As a student of SS12, the transit should better take care of its customers. If it’s business they
want, if not, they should give that transit to the government. The transit is now lousy with their customer
satisfaction according to the interview of the documentary. They don’t care about the service they
produce anymore. The customers are at stake here, if they continue that, the government should interfere
because it’s a form of transportation where people can get to their destination on time. I am too, a victim
of this transit. A victim where the service is lousy. The train sometimes malfunctioned when it’s on rush
hour, and the maintenance crew doesn’t know a thing when that situation arises. I know that everyone is
taking the train, mostly. But that doesn’t mean the transit can take it for granted. People suffer from
tardiness and yells from their bosses because of this particular matter. Given the fact that it’s a machine
and it can sometimes malfunction, but it’s different when the same problem arises every day you take the
train. The transit is just making money out of it, and not spending money in it.
PAPER 1
Salim Baba Short Film
https://www.youtube.com/watch?v=92bJd-_mpRU

Sternberg managed to make a film about appreciating ancient things during the Modern Age.
Salim Muhammad is a 55-year-old man who lives in North Kolkata with his wife and five children. Since
the age of ten he has made a living using a hand-cranked projector to screen discarded film scraps for the
kids in his surrounding neighborhoods. The film, Salim Baba, showed how a fifty-five year old man that
pushes an old projector every day just to give his neighborhood the entertainment and essence that they
can get from movies, through his hand edited films. The fifty-five year old man of India, Salim
Muhammad, has been working and modifying the cinema cart just to make it alive for another several
years. When Salim learned the concept of sound, he added it quickly to the cinema cart so the films would
be easier to understand. Without knowing anything about the parts of the cinema cart, he just connects the
dots on what he learned from his father. He made the cart survive after his father’s death by just being
innovative. Roaming around the neighborhood with his four sons, Salim gives his crowd entertainment
through the cinema cart; any kind of entertainment, it could be music or videos. It has been their theater
since the Modern era began. They never tasted the big ones so Salim still continued to give entertainment
every day. Salim never stopped so the machine would be taken over by his sons then his grand-sons and
so on. In order to give the crowd new films, films that are rejected from theaters because of defects, a
person sells them to people like Salim. Salim edits the films by cutting and joining other films to make it
better. Sternberg spent the time in films and clearly he has always been interested in the history of films.

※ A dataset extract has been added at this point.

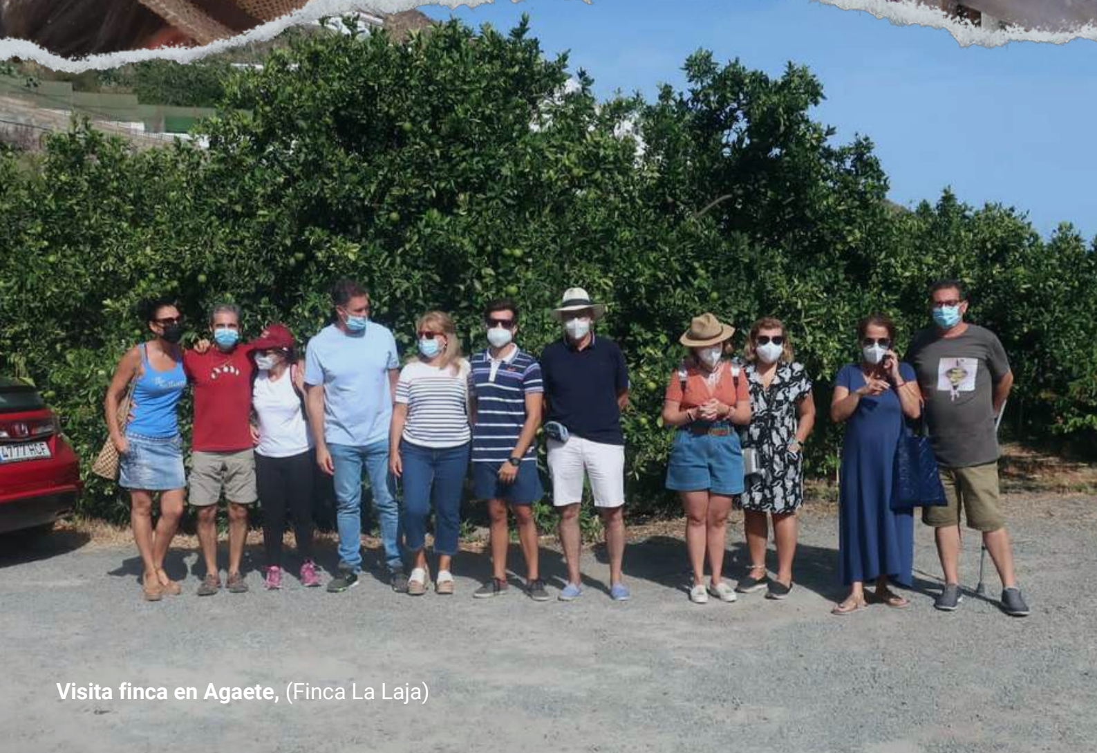
Visita finca en Agaete, (Finca La Laja)

In Sternberg’s documentary, Salim Baba, it portrays that legacies of many new inventions or creation
should not be forgotten on where and how they started. Sternberg showed a man that has been giving
entertainment through films. The man made a living by his ancient handicratft, like Sternberg but in a
theater only. With someone like this, you really feel that what they are doing could disappear at any
moment, like so many traditional handcrafts have over the last hundred or so years.

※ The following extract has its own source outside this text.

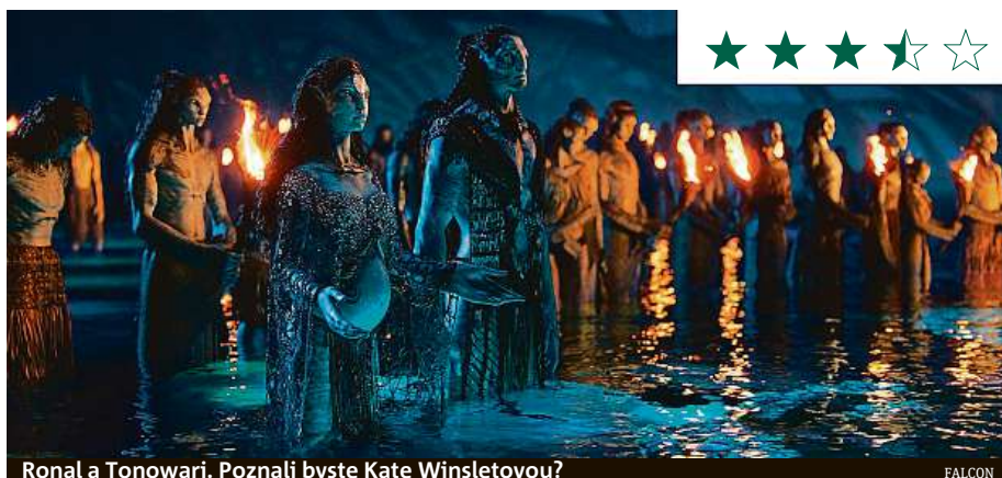
Ronal a Tonowari. Poznali byste Kate Winsletovou?

Děj se opět točí kolem modrých obyvatel planety Pandora, tentokrát se zaměřuje na dospívající generaci. Zápletka tříhodinového filmu by se dala shrnout jako trable šestičlenné rodiny. Hlavní postavy Jack Sully (hraje Sam Worthington) a Neytiri (Zoe Saldanová), které už známe, založili rodinu a musí se vypořádat

Modern things just made the world ignorant. People keep forgetting where the Modern era
started. Well, at least, there are still people like Salim who appreciate vintage things, knowing that it
could disappear any time, go to oblivion, for that matter. The Modern Era should really consider
preserving its ancient items because it’s where it belongs. Keeping the cinema cart updated through films
is one way also to preserve this ancient item of the Modern era. People don’t think that way anymore. It’s
always the new that matters and forgetting the things where it clearly started without giving any honor to
it. As a person, you should never forget where you started. Honor the one who taught you to be you right
now. Preserve the lessons that you learned in every milestone of your life. Letting them know of your
success and thanking them is a sign of respect. Every person matters.